The numbers behind business mobility
Businesses must find a way to adapt to the world of mobile technologies or face the risk of missing the potential gains, according to Computer Weekly.
The publication noted that the ubiquity of smartphones means that businesses must offer services that are compatible with mobile devices. Unisys, a global IT company, recently conducted a survey of 450 chief information officers to get a read on mobile progress in the business world.
The survey found that in the past year, mobility has created new revenue for 75 percent of enterprises with comprehensive strategies.

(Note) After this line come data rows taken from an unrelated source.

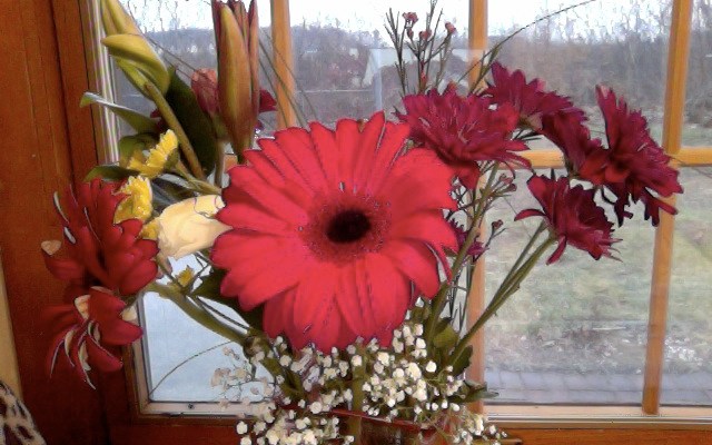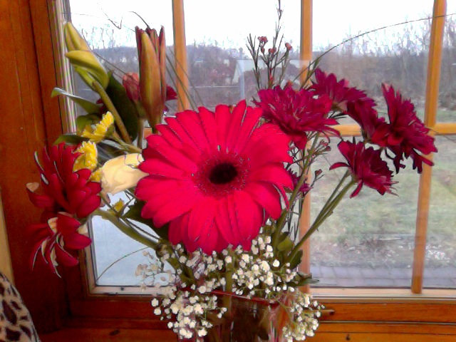 • For the second time in 3.5 weeks I left my house yesterday.  It was SO exciting!  Got good news from the doctor in regards to my healing process and saw a friend for lunch.  She bought me beautiful flowers:
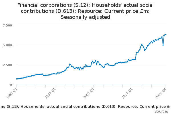 Download this time seriesFinancial corporations (S.12): Households' actual social contributions (D.613): Resource: Current price £m: Seasonally adjusted
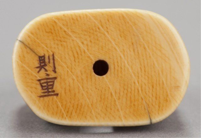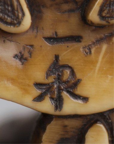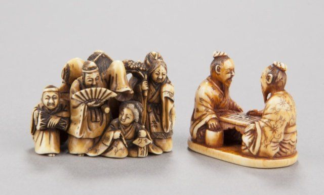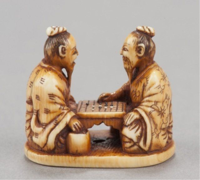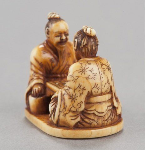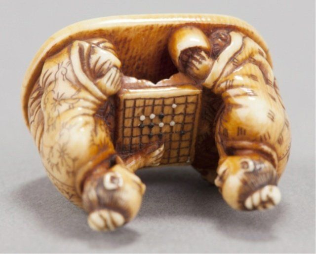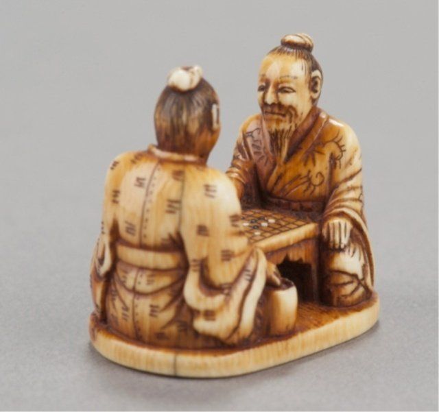 Tokyo, Mid 19th century. , Mid 19th century. The first, by Issen, Tokyo, 3rd quarter 19th century. Shoki surrounded by five court figures and holding onto an oni appearing as a dog. Signed on base, Issen. 2.16cm (1 1/8"). The second, by Norishige, Tokyo. Two elderly gentlemen playing a game of go. Signed on the underside, Norishige. 3.1cm (1 7/32"). Issen appears to be the mid 19th century Issen Davey No857. 7/8in (2.2cm). Provenance: Purchased from R. Koscherak, 1951.
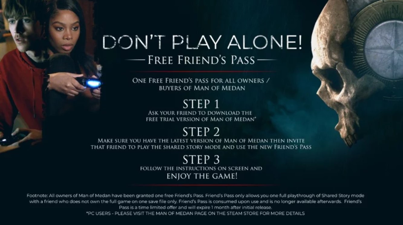 Naime, ukoliko već imate Man of Medan ili ako ga kupite prije 6. siječnja iduće godine, u formi patcha dobit ćete besplatni Friend Pass, s kojim će vam se moći pridružiti i prijatelj koji ne posjeduje igru. Sve što će biti potrebno da igru zaigra s vama, jeste da preuzme besplatnu trial verziju, nakon čega će uz vašu pozivnicu moći da uživa u punoj igri.
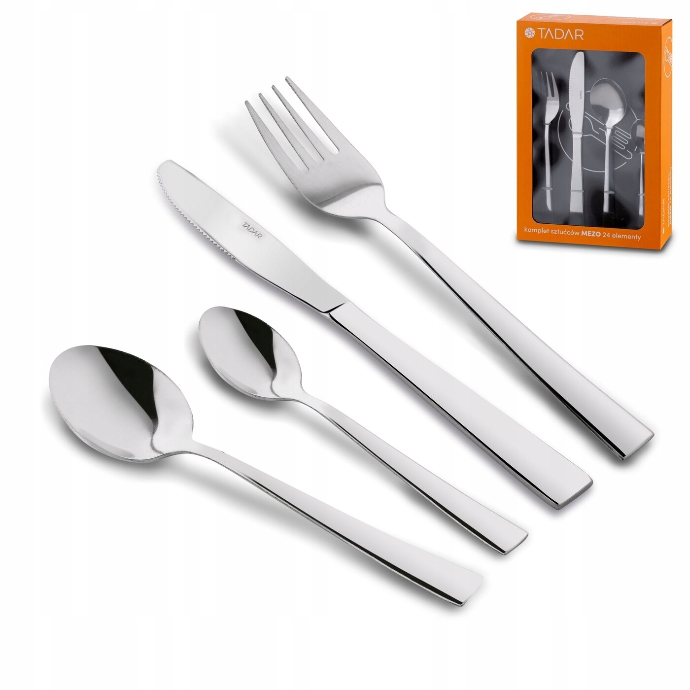 Набор столовых приборов Tadar Mezo 24 (вилки, ложки, ножи, чайные ложки) позволяют подавать блюда в элегантной рамке Полем Благодаря долговечности из нержавеющей стали, вы будете наслаждаться ими в течение долгого времени. Вы можете использовать этот набор в качестве подарка. Стройная форма позволяет вам удобно наслаждаться едой. Серебряная, блестящая отделка будет хорошо подходит для любого стиля посуды. Просто на 6 человек. Вы будете мотировать их в мгновение ока, также с помощью домашней посудомоечной машины. Вы будете есть все комфортно с этими столовыми приборами - от супа, до второго блюда, до вкусного десерта (торт, мороженое или фрукты с желе и взбитые сливки). b> 6 чайных ложек, -6 столовые ложки, -6 вилки, -6 ножей
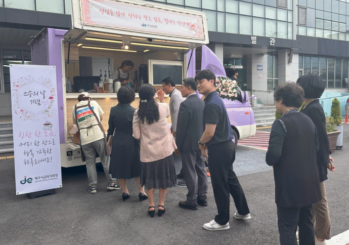 ÇÑÆí °¨»çÀÇ ¸¶À½À» ´ãÀº ºñ´© Ä«³×ÀÌ¼Ç ÁõÁ¤, »÷µåÀ§Ä¡¿Í À½·á Á¦°ø,¡®´ç½ÅÀÌ ÀÖ¾î Á¦ÁÖ±³À°ÀÌ ºû³³´Ï´Ù¡¯¶ó´Â ¸Þ½ÃÁö¸¦ ´ãÀº Æ÷ÅäÁ¸ ¿î¿µ µî Á÷¿øµéÀÌ ÇÔ²² °ø°¨Çϰí Áñ±æ ¼ö ÀÖ´Â ´Ù¾çÇÑ È°µ¿ÀÌ ¸¶·ÃµÆ´Ù.
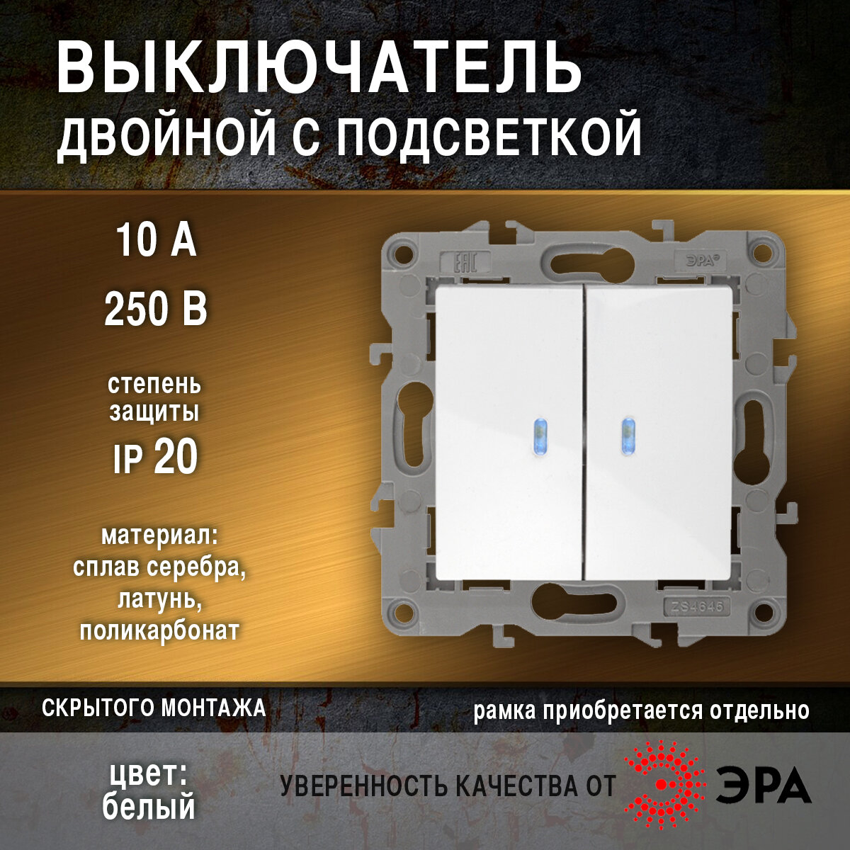Выключатель двухклавишный с подсветкой ЭРА Elegance 10AX 250V 14-1105-01 Б0034237 информация:
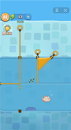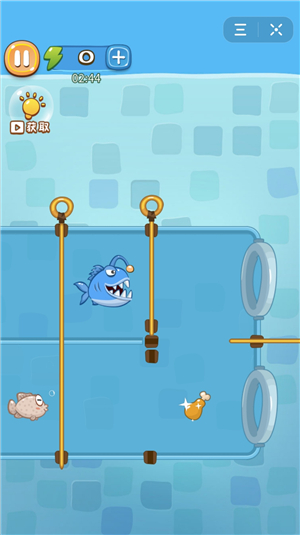 3、抽取淡蓝色鲨鱼前方的抽针,鲨鱼消失。

The figure compares favorably to the 30 percent of enterprises with less clarified approaches to mobile technology.
“A fully planned, cohesive approach can make mobility a true business enabler, while an incoherent program creates the risk of a jury-rigged solution with tactical rather than strategic value to the organization,” Darren McGrath, the global director of mobility solutions for Unisys, told the publication.

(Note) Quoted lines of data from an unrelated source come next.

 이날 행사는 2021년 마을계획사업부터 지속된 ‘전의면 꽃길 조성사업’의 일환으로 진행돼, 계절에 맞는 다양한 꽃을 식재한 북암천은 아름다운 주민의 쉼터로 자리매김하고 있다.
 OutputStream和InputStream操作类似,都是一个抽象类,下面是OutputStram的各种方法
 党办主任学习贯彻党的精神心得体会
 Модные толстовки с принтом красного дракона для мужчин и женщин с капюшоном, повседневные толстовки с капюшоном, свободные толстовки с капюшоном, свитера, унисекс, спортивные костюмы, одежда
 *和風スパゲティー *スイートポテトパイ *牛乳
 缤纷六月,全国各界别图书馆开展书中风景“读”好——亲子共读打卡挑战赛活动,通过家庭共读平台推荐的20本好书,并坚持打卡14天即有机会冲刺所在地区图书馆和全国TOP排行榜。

Yet despite the strong rates of return from mobility, a significant number of enterprises are still at the early stages of understanding. About 8 percent of respondents said that they are “mobile aware” and have some aspects of mobile initiatives, but no overarching strategy or governance. Another 11 percent said that their business has no mobility strategy.
A mobile app seeking a global business audience
Slack, a business messaging and search tool, has emerged as one of the most widely used mobile apps in the tech industry, Fast Company reported. The business has a firm grounding in the Bay Area among data-driven startup and already has 500,000 daily users of the service.
“At this point, maybe the majority of venture-backed Bay Area tech startups use Slack,” co-founder Stewart Butterfield told the news outlet. “But it’s obviously interesting for us to get beyond that.”
While mobile connectivity is an increasingly central part of the business world, adoption occurs at varying levels. Butterfield added that sometimes one sign-up can spark a rush of 50 colleagues who become daily Slack users. However, other enterprises take up to a year to gain familiarity with the app.